● Problem requirements: Please reproduce all the data exactly as written and omit the pictures.

● Dataset section:
──────

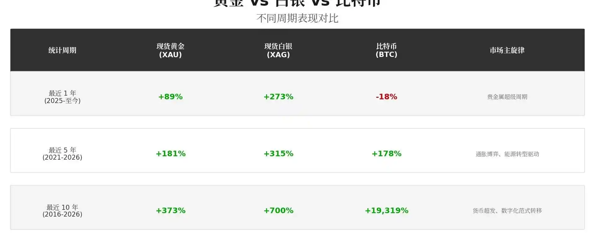 如果从长期视角看,比特币依然是回报最高的资产之一。但放到过去一年,比特币的表现却明显落后于黄金和白银。2025 年至 2026 年初的市场走势呈现出极为鲜明的二元分化特征,贵金属市场步入了一个被称为“超级周期”的阶段,而比特币略显颓势。下面是三个关键周期的对比数据:
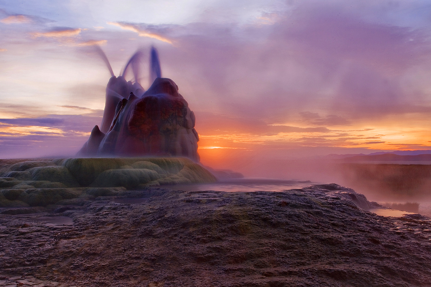 the passing of time. Layer upon layer building skyward, this leaking geothermal well spews a
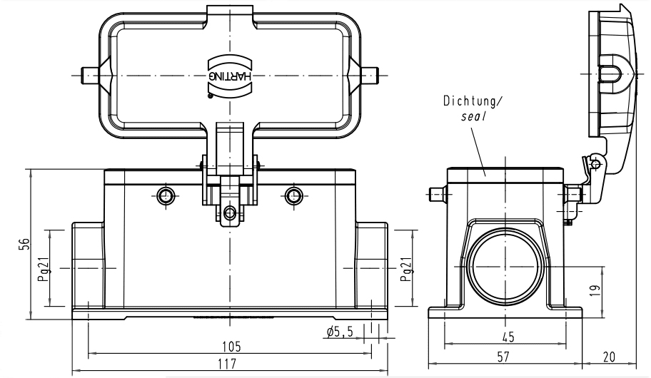 CUSTODIA FISSA+COPERCHIO 2 LEVE 16P PANNELLO 2 USCITE PG21

──────

● Output of the exercise:
 如果从长期视角看,比特币依然是回报最高的资产之一。但放到过去一年,比特币的表现却明显落后于黄金和白银。2025 年至 2026 年初的市场走势呈现出极为鲜明的二元分化特征,贵金属市场步入了一个被称为“超级周期”的阶段,而比特币略显颓势。下面是三个关键周期的对比数据:
 the passing of time. Layer upon layer building skyward, this leaking geothermal well spews a
 CUSTODIA FISSA+COPERCHIO 2 LEVE 16P PANNELLO 2 USCITE PG21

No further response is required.